O primeiro-ministro disse esta segunda-feira que «não há nada escondido» em matéria de défice público e objetivos do país para 2015, lembrando a importância de Portugal cumprir as metas como forma de reduzir a dívida.

«É sabido que ainda precisamos de fazer descer o nosso défice público em 2015, nos termos que ficaram acordados com os nossos credores internacionais, para 2,5% do PIB. Não sabemos ainda com rigor, em termos de valor absoluto, o que é que isso vai significar. Mas haveremos de saber dentro de algum tempo, durante o mês de abril terá de ficar clarificado», declarou Pedro Passos Coelho, que falava perante deputados do PSD na abertura das jornadas parlamentares do partido que decorrem em Viseu até terça-feira.

O governante diz que já se sabe que «entre medidas do lado da despesa e medidas do lado da receita» terá de se encontrar uma combinação «que seja o melhor possível» para reduzir o défice para 2,5% em 2015.

«Não há nada escondido. Não pode haver nada mais público que isto. Os partidos que acham que há uma agenda escondida e que não se devem fazer mais cortes, querem mais défice para o ano? Têm de o dizer. Não podem é dizer que não é possível ter mais cortes e depois cumprir as metas do défice. Não bate a bota com a perdigota», sublinhou Pedro Passos Coelho.

O governante declarou ainda que cumprir a meta do défice é essencial para o trajeto de redução da dívida de Portugal.

«Se não conseguirmos ter um excedente primário externo e outro maior no próximo ano, a nossa dívida aumenta em vez de diminuir», advogou.

O PS, pelo secretário nacional Eurico Brilhante Dias, exigiu hoje ao Governo que não se esconda até depois das eleições europeias e fale com transparência sobre a aplicação de «um novo ciclo de austeridade».

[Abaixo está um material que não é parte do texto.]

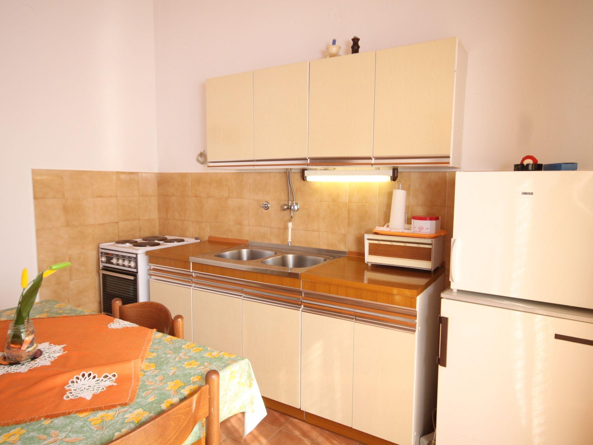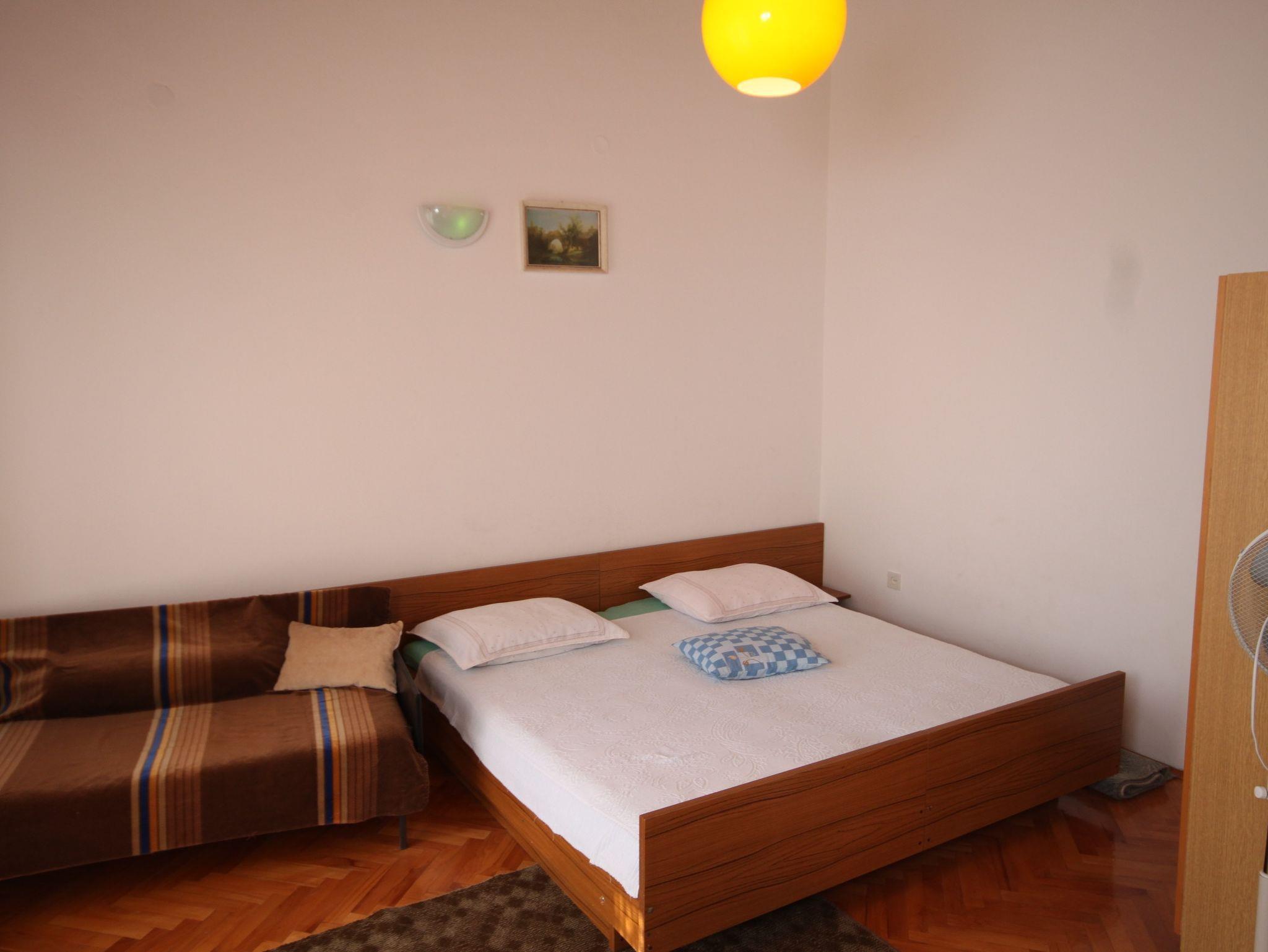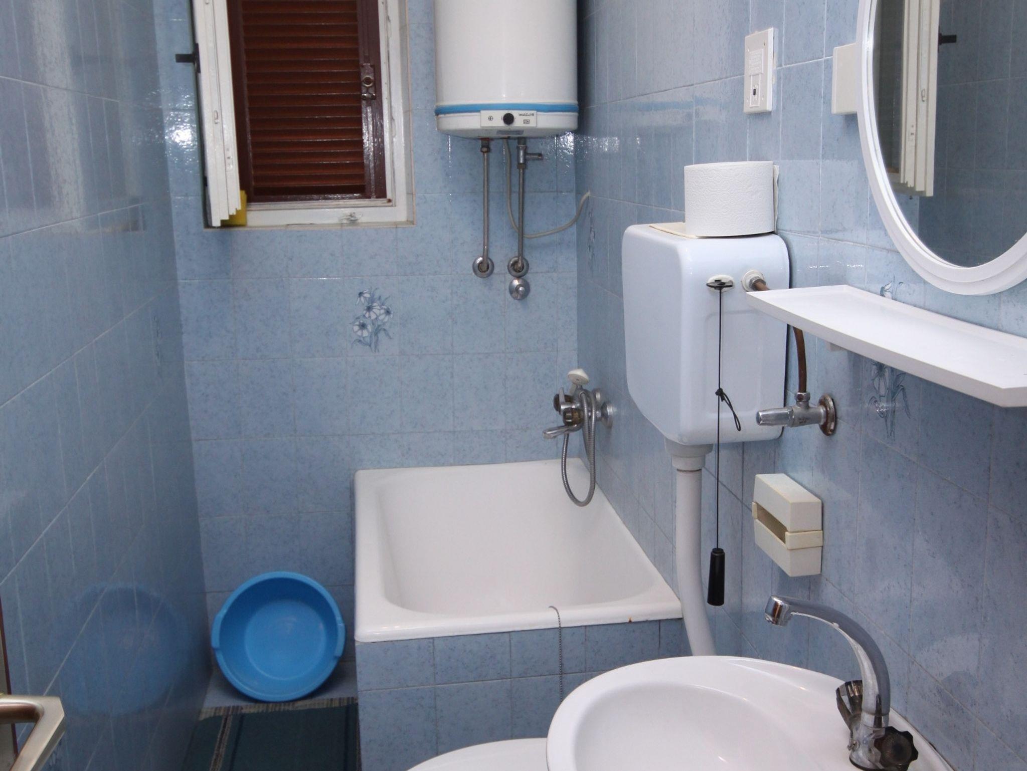 Ferienwohnung bietet Platz für 5 Gäste. Die Betten sind in Schlafzimmern, die es 3 gibt, innerhalb einer Gesamtfläche von 50m2, angeordnet. Die Gäste haben eine eigene Terrasse zur Verfügung, auf der sie in warmen Sommernächten genießen können. Das Apartment bietet Meerblick. Es ist erlaubt, Speisen auf dem Gemeinschafts-Grill vorzubereiten. Unterkunftseinheit hat Räume, die von dem Rest der Einheit abgetrennt werden. IM PREIS INBEGRIFFEN: Kurtaxe, Endreinigung, Parkplatz, Internet, Kinderbett, Bügelbrett, Föhn. VERBINDLICHE ZUSÄTZLICHE KOSTEN: Aufzahlung für Kurzaufenthalte (prozentualer Zuschlag pro Nächtigungsanzahl: 30% - 1, 20% - 2, 10% - 3). UNVERBINDLICHE ZUSÄTZLICHE KOSTEN: Klimatisierung (7,00 € pro Nacht), Wäschewaschen (5,00 € Waschen), Zusatzbett (10,00 € pro Nacht). Die Verfügbarkeit zusätzlicher Dienstleistungen in Ihrem reservierten Termin und die Preise derselben (falls nicht aufgeführt) müssen im Voraus überprüft werden. Zusätzliche Dienstleistungen die in der Zahlungsaufforderung nicht aufgeführt sind werden direkt beim Vermieter bezahlt, angenommen der Gast nutzt auch diese.

«Não é altura de nos escondermos, é altura de parar com os cortes, de deixar de escavar o buraco da austeridade e de sermos claros. Se vão cortar, digam com transparência, não guardem para depois das eleições mais austeridade», afirmou Eurico Brilhante Dias.

No sábado, o semanário Expresso noticiou que os funcionários públicos poderão perder mais 5% do rendimento em 2015, com a entrada em vigor das novas tabelas salariais e de suplementos, embora o jornal sublinhe que se trata de uma hipótese e que não há ainda uma decisão fechada.

No mesmo dia, à noite, no seu espaço de comentário, na SIC, o ex-líder do PSD Marques Mendes disse que o Conselho de Ministros já começou a discutir o Documento de Estratégia Orçamental para 2015, no qual constam os cortes do próximo ano.

«Já há um número. Os cortes em 2015 vão oscilar entre os 1,5 e 1,7 mil milhões de euros», afirmou.